Thursday, July 24, 2008

Pre-Pre-Planning


Scenes from St. Augustine -- One of the side streets during our Ghostly Experience walking tour. You can just see the guide, in period dress, beyond the blonde woman. The White Lion restaurant is to the left (I've always wanted to eat there). A wine bar was to our left and the drunk guys on the porch starting making ghost noises and following us. That was funny (and meant I had yet another drunk story to share from our trip). BTW, that's my DH to the right in the green shirt and white ballcap.
I've been doing school planning. Here are the outlines for my two ninth grade classes:
9th Lit/Comp

1st Semester: Fiction
The Short Story: Last Rung on the Ladder, The Scarlet Ibis, etc.
Novel Studies: TKAM, at least one more (A Day No Pigs Would Die or . . . something)

2nd Semester: Drama, Nonfiction, Poetry
Romeo & Juliet
Need one or two high-interest nonfiction books
Poetry study/anthology

9th Writers Workshop

1st Semester:
Skills for High School Success (Multimedia presentations, technical writing)
Literary response & analysis

2nd Semester:
Research: the I-search, unless I come up with something different for research since it seems to have migrated to the 8th grade, anyway an introduction to hefty research project
Poetry anthology to correspond with 9th Lit *or* writing a webquest
Here's my new assessment idea. One thing I do know I'm going to expect of my ninth (and eleventh) graders is the maintenance of an outcome-driven portfolio, which they will use at the end of each semester to lead a parent-teacher-student conference (I think this will be my semester exam the first semester). I've been sketching out my outcomes. Each portfolio should contain artifacts that are evidence of:

1) an engaged leaner
2) an improving writer
3) an active reader
4) a student working toward high school success
5) an active thinker

with the totality of the portfolio showing that the student is making progress on the standards and adapting the habits of mind. Portfolios can be multimedia. Following the parent conference, parents are asked to write a reflective piece on the student's portfolio/presentation. This will mean actively teaching kids how to be reflective, how to use the vocabulary of reflection.

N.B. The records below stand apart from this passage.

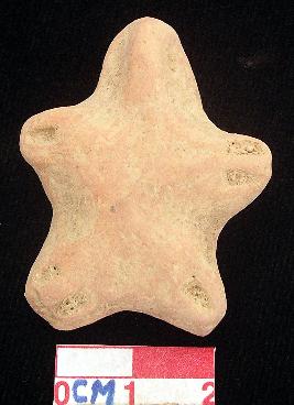 | Description / विवरण | A star shaped terracotta archaic human figurine with round head, punched eyes, pinched nose, short out stretched stumpy arms of which right has one incised line and left has two incised lines. Both short wide bridged stumpy legs is intact of which right leg has two incised lines and left leg has one incised line, treated with red wash, handmade. |
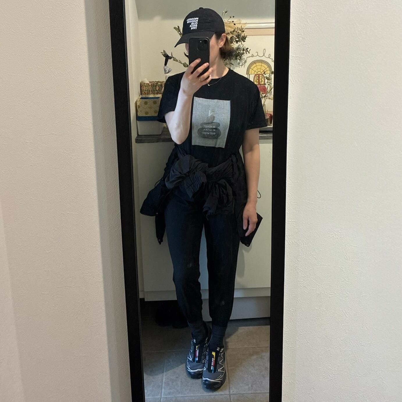 トップス/SERENE(ヨガウェアブランド)、ボトムス/Chacott BALANCE、キャップ/PROGRESS RUNNING CLUB、スニーカー/SALOMON
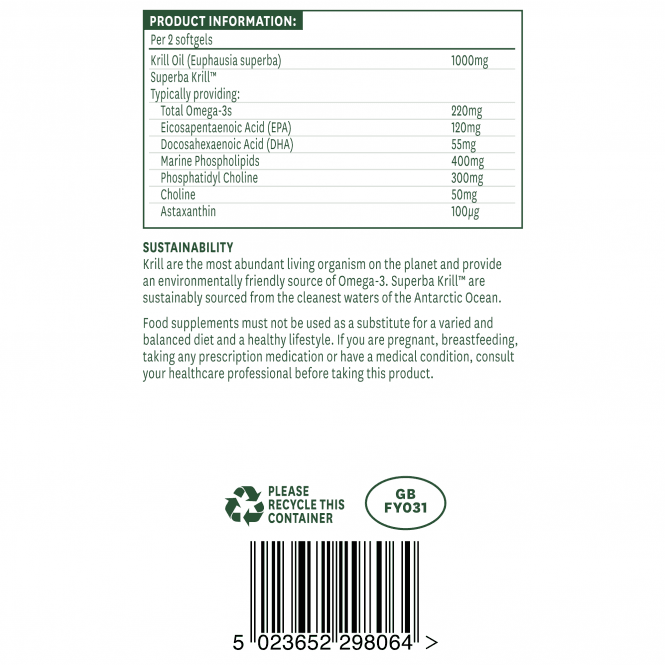Natures Aid Antarktično krilovo olje Superba je pridobljen iz zooplanktona iz najčistejših voda Antarktičnega oceana in je certificiran s strani British Council for Sustainable Sea Basin Development. Mehke tablete brez okusa, vonja in jih je enostavno pogoltniti. Krilovo olje je odličen vir omega 3 maščobnih kislin, vključno z EPA in DHA. Zanj je značilna visoka koncentracija fosfolipidov, zaradi česar ga telo lažje izkoristi, manj kot ribje olje, saj so na splošno omega-3 maščobne kisline v ribjem olju shranjene v obliki trigliceridov. Krilovo olje vsebuje fosfatidilholin in astaksantin. Fosfatidilholin je glavni fosfolipid v človeškem telesu, gradnik celičnih membran. Sodeluje pri številnih procesih v telesu, kot je transport maščob iz jeter v krvni obtok. Podpira stanje jeter in njihove funkcije. Astaksantin je naravni karotenoid, ki zaradi svoje edinstvene strukture zagotavlja širok spekter antioksidativnih koristi. Ker lahko astaksantin prehaja krvno-možgansko in krvno-mrežnično pregrado, lahko zagotovi močno antioksidativno zaščito neposredno očem, možganom in živčnemu sistemu. Protivnetne lastnosti omega-3 maščobnih kislin ščitijo pred boleznimi srca in ožilja, rakom in diabetesom tipa 2. Izboljšujejo prekrvavitev telesa, znižujejo slab holesterol in krvni tlak ter podpirajo zdravje sklepov.
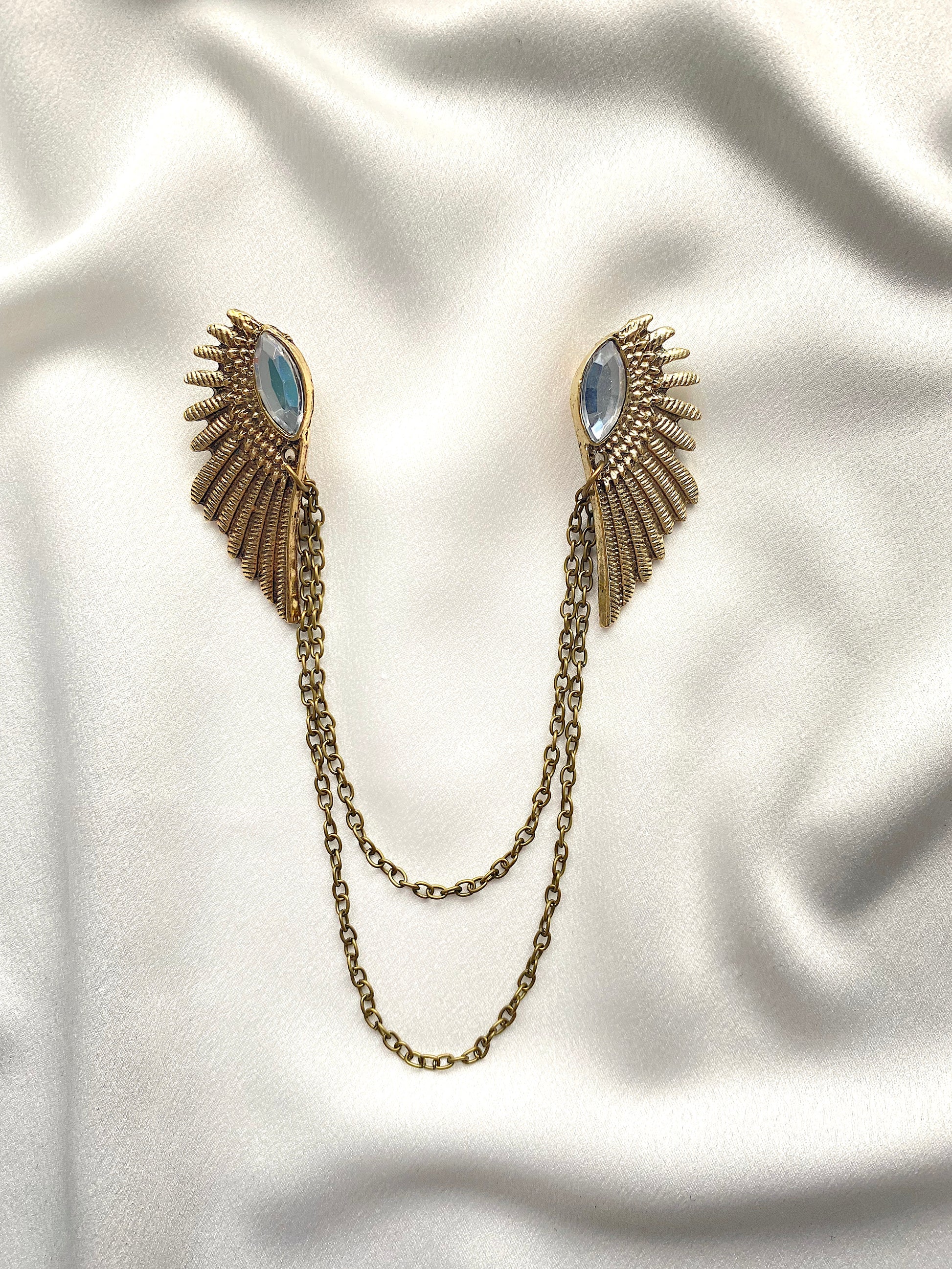Pin metalic Chanya cu lanț și cristale, tip insigna, cu fluturaș de prindere.

I think I'm going to go back to my old way of teaching vocabulary, which is to integrate two words daily with my DOL. This way, they are still exposed to 360 new words per year. I am horrible about not grading vocab homework. Although, I hate to not use the vocab book. I may think of a way to integrate it (the book) differently, as part of an oral or journal activity.

1 comment:

MJFredrick said...

I always have the worst time teaching vocabulary. It's so hard to be consistent. My biggest concern is math and science vocabulary. I have a word wall but I don't know the best way to use it.

BTW, I HATED The Scarlet Ibis. I still remember how sad that story was!